By Agatha Aduro
- Title: Glowfly Dance
- Author: Jade Gibson
- Publisher: Umuzi
- Number of pages: 438
- Year of publication: 2015
- Category: Fiction
People think that when you are fourteen you know nothing, but I have seen so much, I have a thousand stories, burning and shining and rising within me, and all I can do is try to catch them, one by one, because I only have the moments, fading in and out, when everything else is gone (p 7).
This is how Jade Gibson introduces us to Mai, the major protagonist of Glowfly Dance. The entire first chapter is an innocuous, nearly idyllic introduction to the book, and it speaks of glowflies, the smell of blood oranges and of dancing and cherry blossoms. The reader is completely in the dark regarding the horrors that are lurking in the subsequent chapters.
Stories of child abuse and intimate partner violence are often terrifying in themselves. Glowfly Dance however takes on a chilling quality for being told in the words and the voice of a child. Gibson has managed to preserve some of Mai’s innocence, in the way she views the world and life outside her home:
The world is a big place. Up there there’s the big space of the sky stretching out. [It] is the summer of outside-ness, never indoors (p 33).

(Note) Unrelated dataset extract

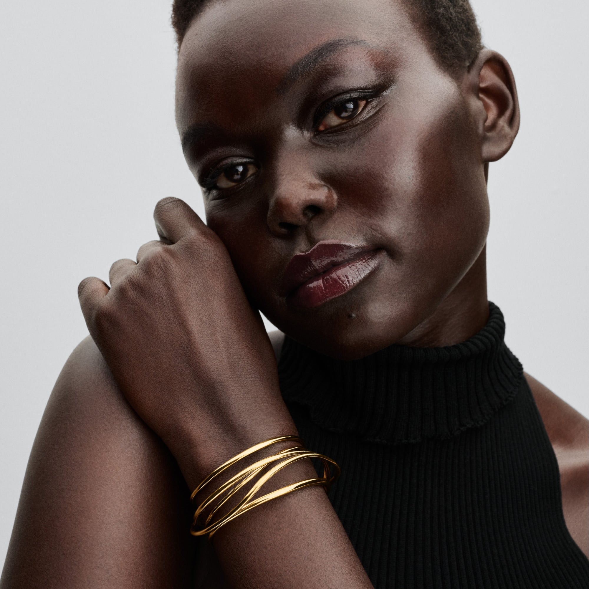 Elevate your style with the Organically Shaped Wired Open Bangle, featuring a bold design in 14k gold-plated wire. Crafted with curved and crossing lines, this bangle embodies freedom and self-expression.

I have two boyfriends at school. One is called Timothy. He is fair haired [sic] and good-looking, and the other one is John, who is a bit slow and tubby with dark hair. They are best friends in class. John is still on the beginner readers and Timothy is on the advanced series. When I grow up I’m going to marry both of them. Timothy is lively and funny and outgoing, so I’m going to go to parties with him, and John is going to stay back and do the cooking and cleaning because he likes to stay at home. They both agree it is the best solution (p 55).
Yet, Mai is burdened with the knowledge and experiences of domestic violence, both physical and sexual, that colour her home life:
His red car arrives on Fridays.
Red car, red car. When we see it, something goes cold inside us, and
we stop living. When we see the car, we stop playing and go very quiet. We hear its engine coming up the road, creeping along almost noiselessly around the corner, sense its redness, freezing us still in the garden, ears perked like dogs. Then it stops outside our house (p 74).

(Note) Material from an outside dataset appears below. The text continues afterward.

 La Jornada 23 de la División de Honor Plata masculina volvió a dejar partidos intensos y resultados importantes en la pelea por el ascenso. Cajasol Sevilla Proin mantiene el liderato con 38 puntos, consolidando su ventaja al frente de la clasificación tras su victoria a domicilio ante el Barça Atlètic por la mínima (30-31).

For the reader, it is almost front-row seat insight into how Multiple Personality Disorder is born.
Nevertheless, Glowfly Dance is twenty-seven chapters of beautiful, flowy expressions that make it a delightful read, just for the language itself.
I began before I was born, travelling through the air like the scent of oranges, in the story of my father making love to my mother, the closest I ever got to him – and on my birth certificate, there is a straight dotted line where a father’s name should be, like the horizon he sailed back across. Some things you don’t have to know, because that’s the way it is (p 10).

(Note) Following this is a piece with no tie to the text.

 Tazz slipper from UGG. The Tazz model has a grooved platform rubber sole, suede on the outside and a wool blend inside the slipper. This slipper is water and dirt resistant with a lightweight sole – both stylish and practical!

Glowfly Dance begins in the present but soon subtly shifts into the past, becoming a book of remembrance. Mai is at first a three-year-old girl with oriental features – gifted to her by her absent father – living with her mother and half-sister, Amy. The reader sees her growing into a strong, caring – if somewhat opinionated – girl who thinks ballet is for sissies and that jive and tango are the only real dances. She does not play Mummies and Daddies at school because their version of it is different from her version. In their version, the Daddies go shopping, race their cars and hang out at the pub, and the Mummies stay at home baking cakes and taking care of the children. However, in her version, her mother does all the shopping, cooking, cleaning, and changing of bulbs. And, she is not afraid to fight with anyone who tries to pick on her or bully her at school, on account of her ‘otherness’.
Although there is some want in this single-parent home, love is never lacking, until Rashid comes. Rashid is first Mai’s mother’s boyfriend, then her mother’s abuser and husband, then father of Mai’s other stepsiblings, then abuser of Mai and Amy. Like an audience screaming at their favourite actor on the screen, ‘No, don’t open that door!’, the reader knows it will all end badly, but they cannot look away.
And it does, suddenly.
The reader is left blinking, like one who has emerged out of cavernous darkness into blinding sunshine. After a minute of disorientation, when the reader realises that the book has shifted again and thrust them back in the present, all that is left is outrage. One wants to rail at the injustice of it all. But as life rarely ever gets a fairy tale ending, why should Glowfly Dance be different?
Without sounding preachy or reading like social commentary, Gibson chronicles some of the lived experiences of abused people. As society often finds it easy to blame the abused for staying in the situation, it is pertinent to remind ourselves how strangers, family, the authorities and even society itself sometimes colludes with the abuser to yield disastrous consequences.